Lapo Corsi's analogy is fine, but notice an assumption which surfaces in the way he develops it: "[I know that] Muslim theologians historically have given MORE weight to the 60 red [call to conquest] balls than to the 40 white [innocuous] balls." That’s more than I know, both WRT the proportion of red to white in the Quran and the historical tendencies of Muslim theology, but then I’m essentially ignorant on both topics. Still, I imagine Lapo’s conclusions here would also be assumed by most (maybe close to all) entering UNC. In other words, everybody knows that there are Muslims who cite the “hard” passages to support war or terrorism, and even if UNC had a master-plan to inculcate cultural relativism, they are surely not so mad as to think a one-week exposure to the “soft” passages could erase that knowledge. And every student with any common sense knows that selections are inherently… well, selective. So Lapo’s fear that “UNC students - exposed to lily-white-ball Quran - will find [Al-Quaeda’s claims to be justified by the Quran] incomprehensible” seems to me to wildly underestimate both the memory and the common sense capacities of those students.

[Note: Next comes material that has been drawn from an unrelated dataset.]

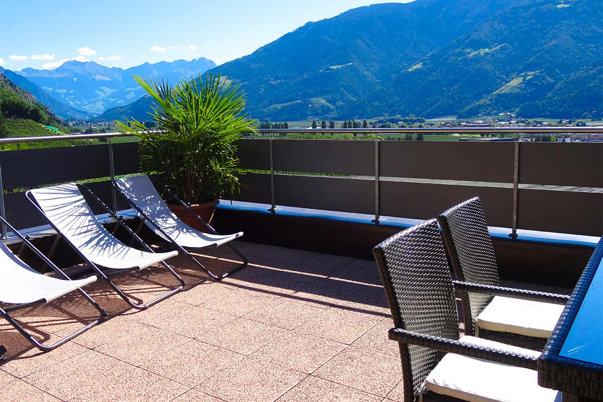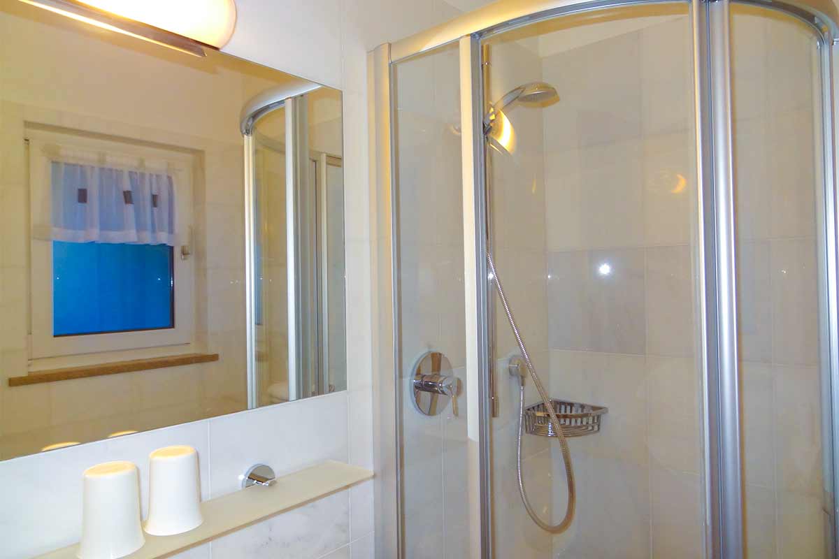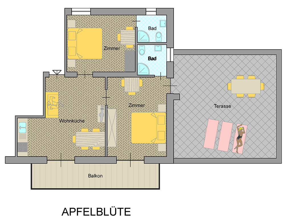 Unsere Ferienwohnung "APFELBLÜTE" verfügt über einen Wohnraum mit Küchenzeile und ausziehbarer Doppelbettcouch, zwei Doppelbettzimmer, zwei Badezimmer mit Dusche/WC, Terrasse und Balkon mit tollem Ausblick.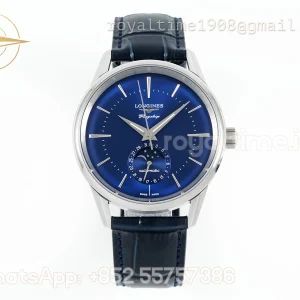Longines APSF Flagship Heritage Moonphase SS Blue Dial Stick Markers on Blue Leather Strap A2892

I would certainly subscribe to Joe Willingham's suggestion for a lecture series.

Posted by: Jeffrey Kramer on August 29, 2002 10:26 PM

A problem with teaching or lecturing on Islam is that the once great Islamic civilization has been in a pretty steady decline for the last few hundred years. Any course or lecture which deals candidly with that fact is likely to hurt some people's feelings. Fearing trouble, and eager to show "sensitivity" and deplay their allegiance to "multiculturalism", university officials are likely to insist that political correctness take precedence over historical accuracy.


Posted by: Joe Willingham on August 30, 2002 11:20 AM

It's worth noting that religions themselves, not just secular teachers, are strongly selective about their sacred texts.

Orthodox Jews read the Torah integrally in worship every year and start again at the beginning; but select in the rest of the Tanakh, the Christian Old Testament. Christian churches roughly speaking have replaced the Torah with the similar-sized New Teatament, except for the strange and embarrassing Book of Revelations. In the lectionary they pick and choose in the Tanakh - Joshua and the technical bits of the three legal books of the Torah are more or less dropped.

Jack Miles' splendid "God: a Biography" includes a fascinating paragraph on scrolls and codices.

To paraphrase: up to about 100 CE, a book was a scroll, and finding a citation involved unrolling, as in an overlong Web page. Scrolls were shelved in pigeoholes, in no particular order. The codex or edge-bound book changed this. The rather scruffy Christians were early adopters of the new technology, and may even have invented it. Codices reduced access time to citations - at a time when thi swas the key to argument - by maybe a factor of ten: this gave the Christians m a polemical advantage against their rabbinical and Hellenistic opponents, wedded to inefficient tradition.

(I - not Miles - surmise that the later invention of verse numbering by the printers of Calvinist Bibles also gave Protestants a polemical advantage in reducing acces time to citations, perhaps by another factor of ten.)

Another consequence of the codex revolution was that as the scrolls now became chapters in a linear codex, the order had to be fixed. Jews and Christians fixed their shared packet of scrolls in different orders: the Tanakh goes Torah-Prophets-Histories, the Old Testament Torah-Histories-Prophets: in the former God first speaks directly, then indirectly, then hardly at all; in the latter God speaks directly, then hardly at all, then indirectly - pointing forward to a new revelation.